Serata conclusiva l’11 dicembre con uno spettacolo ispirato alla “Gerusalemme liberata” e l’intervento della professoressa Sihem Djebbi: un appuntamento gratuito che unisce teatro, musica e analisi sulla crisi in Medio Oriente
A Vallo della Lucania, la cultura torna a farsi racconto vivo e interrogativo. Giovedì 11 dicembre, nell’Auditorium del Seminario Diocesano, la VIII edizione del Festival della Teologia chiuderà il suo percorso con una serata dal doppio registro: prima l’emozione del teatro e della musica, poi lo sguardo lucido sulla complessità del presente. Un binomio che unisce memoria e attualità, arte e geopolitica, in un appuntamento a ingresso gratuito che inizierà alle 19.30.
La prima parte della serata sarà dedicata a Torquato Tasso e alla sua Gerusalemme liberata, presentata attraverso canti scelti. L’opera, poema in venti canti che racconta la prima crociata e la conquista di Gerusalemme, rivive sulla scena grazie al lavoro firmato da Mico Argirò, con l’adattamento drammaturgico di Nico Caruccio e le musiche originali composte dallo stesso Argirò insieme a Biagio Francia. Sul palco si alterneranno le voci e i corpi di Nico Caruccio, Marialorena Merola, Biagio Francia e Mico Argirò.
La scelta di riportare Tasso al centro dell’attenzione non è casuale. Nel 430° anniversario della sua morte, la Regione Campania ha deciso di valorizzarne la figura con una serie di iniziative inserite nel Piano di Promozione Culturale 2025, finanziato con la L.R. n.7/2003. Tra queste rientra anche il Festival della Teologia, che dedica al poeta ferrarese un omaggio capace di intrecciare letteratura, musica e riflessione contemporanea.
Il dialogo con il presente sarà protagonista della seconda parte della serata. Dopo l’introduzione di don Bruno Lancuba, responsabile dell’Ufficio di Animazione Culturale della Diocesi, il giornalista Vito Rizzo intervisterà la professoressa Sihem Djebbi, docente di geopolitica all’Università Sorbonne di Parigi. Un confronto pensato per “mettere in relazione i drammi di ieri e di oggi”, con particolare attenzione a ciò che accade in Palestina e nella Striscia di Gaza.

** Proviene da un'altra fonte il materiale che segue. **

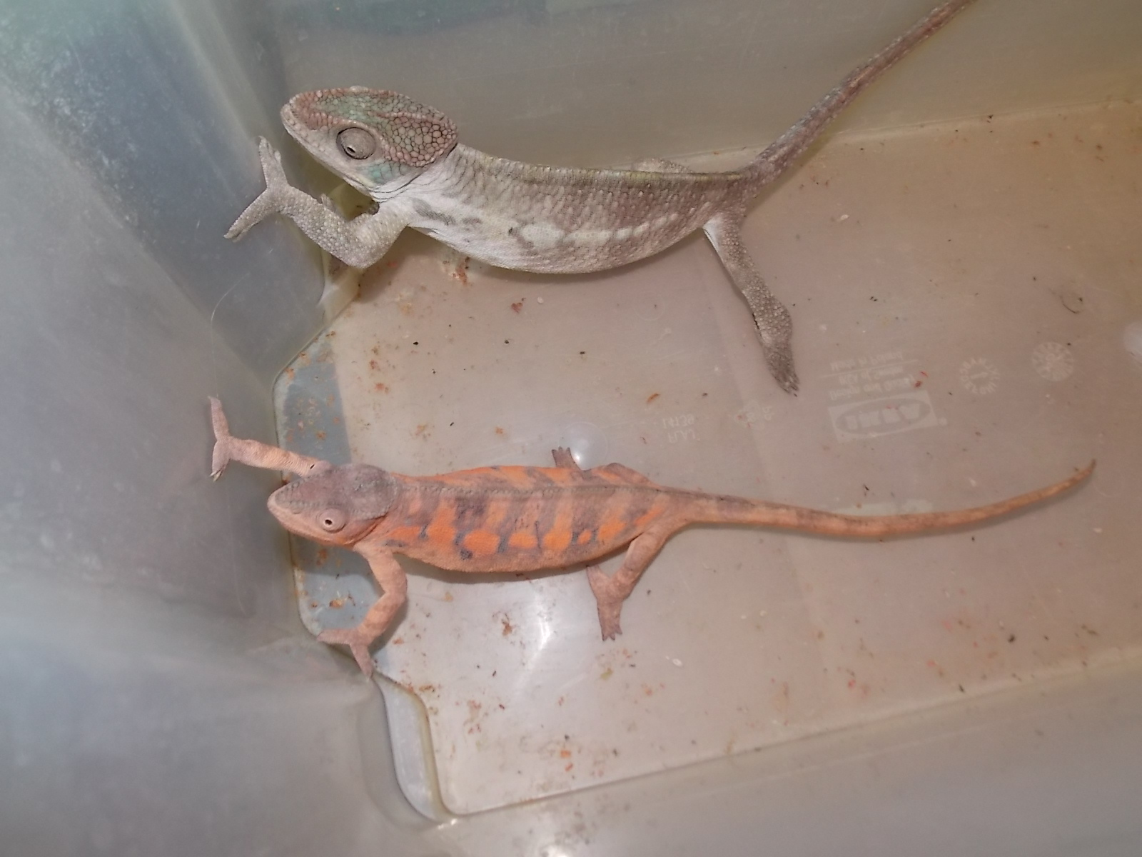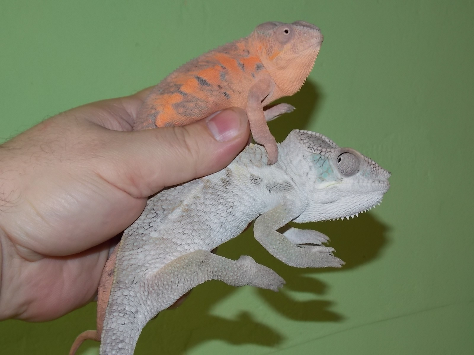 Stáří chamíka je asi 10 měsíců,světlama to nebude,dalších 9 samců co mám,tak jsou nádhěrně barevní a hlavně tento nemá hemipenisy.Když ho dám k jinému samci na páření,tak zastrašuje a prchá,mám ho společně v terárku s tou samicí na fotce,ale ta ho když byla napářená od jiného samce nezastrašovala.

La professoressa Djebbi, esperta di sociologia politica del Nord Africa e del Medio Oriente, migrazioni, conflitti armati, cooperazione internazionale e dialogo cristiano-islamico, insegna anche all’Università di Parigi XIII-Sorbonne, all’Istituto di Studi Politici di Parigi e alla Pontificia Facoltà Teologica dell’Italia Meridionale, sezione «San Luigi» di Napoli. La sua partecipazione offrirà una chiave di lettura aggiornata sulle dinamiche religiose e geopolitiche della Terra Santa, in un momento storico segnato da tensioni e fragilità che richiedono strumenti di comprensione più profondi.
La serata si chiuderà con le conclusioni del Vescovo di Vallo della Lucania, Mons. Vincenzo Calvosa, che porterà il suo contributo a un evento pensato come spazio di riflessione condivisa tra tradizione, fede e sguardo sul mondo.